Remember, you are not trying to model or predict the overall economy or financial markets. You are trying to model aggregate Investor Behavior specifically in the S&P 500. Their hopes, fears, greed, expectations, etc. The S&P500 is a leading indicator relative to the economy. That means sometimes when we are in the depths of a recession…the stock market goes up!

The S&P500 will go up for many reasons. I don’t care why. Just that it does. It usually goes up slowly, in an up-and-down seesaw ratcheting way 2 days up, 1 day down…slow and steady up, with lower volatility over a number of months, sometimes 4 or 5 months or more. It rarely shoots straight up. The gains are slow and steady. You are not going to miss a rise…it is more likely that you are going to get in too late.
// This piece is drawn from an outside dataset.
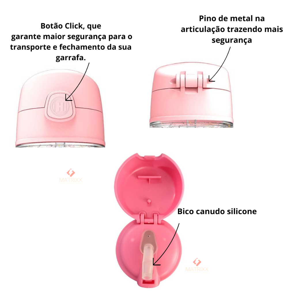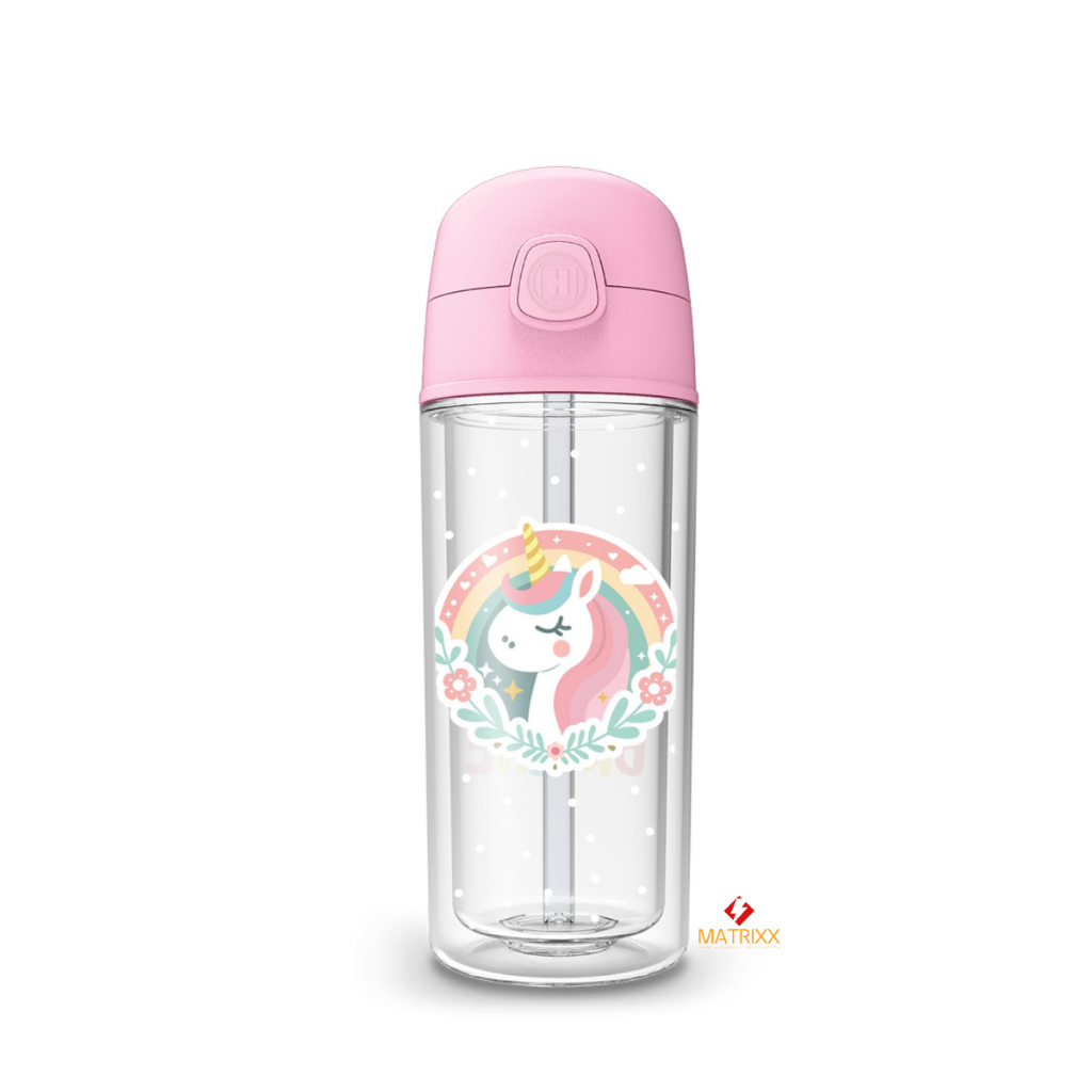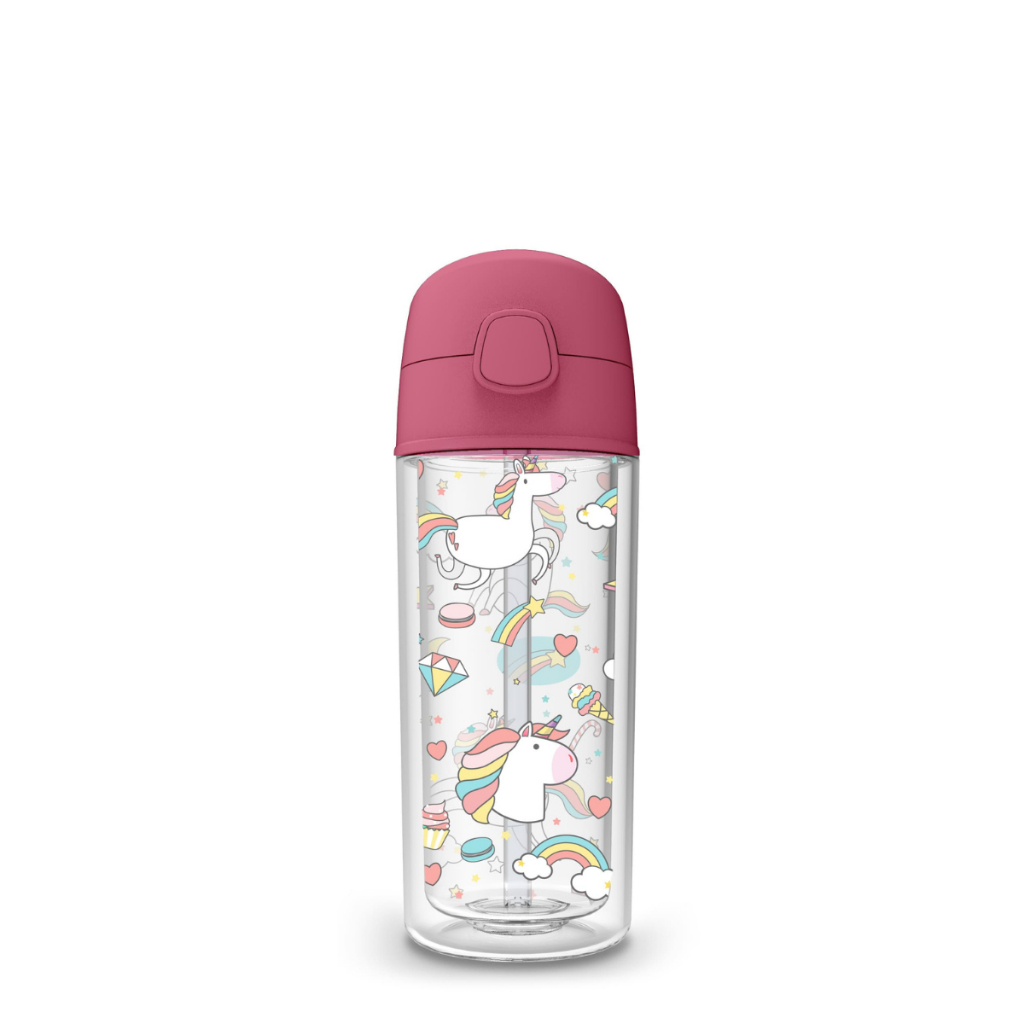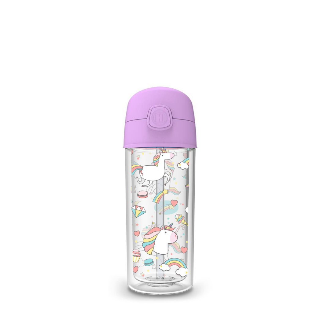 Garrafa Infantil de água Unicórnio 270ml canudo silicone

The S&P500 will go down for many reasons. I don’t care why. Just that it does. REGARDLESS OF THE REASON. That is my trigger to SELL/STOP LOSS (move into TSP G). The drops (Pattern 2) are usually more abrupt, with greater daily swings and shorter in duration than the rises (Pattern1), except in an extended crash. But you will be spared from that because you would have gotten out of C using the SELL signal.

I generally feel that in the early days of a strong rise, news doesn’t affect the market as much because the strong upward momentum is driving it up.

But over time as the rise goes on and begins to soften and get “mushy”, many things might trigger a drop. Why…because the index becomes more and more overbought and traders have built up expectations that it is going to drop. Any negative news might fulfill those expectations. I just wait until it starts to go down to get out.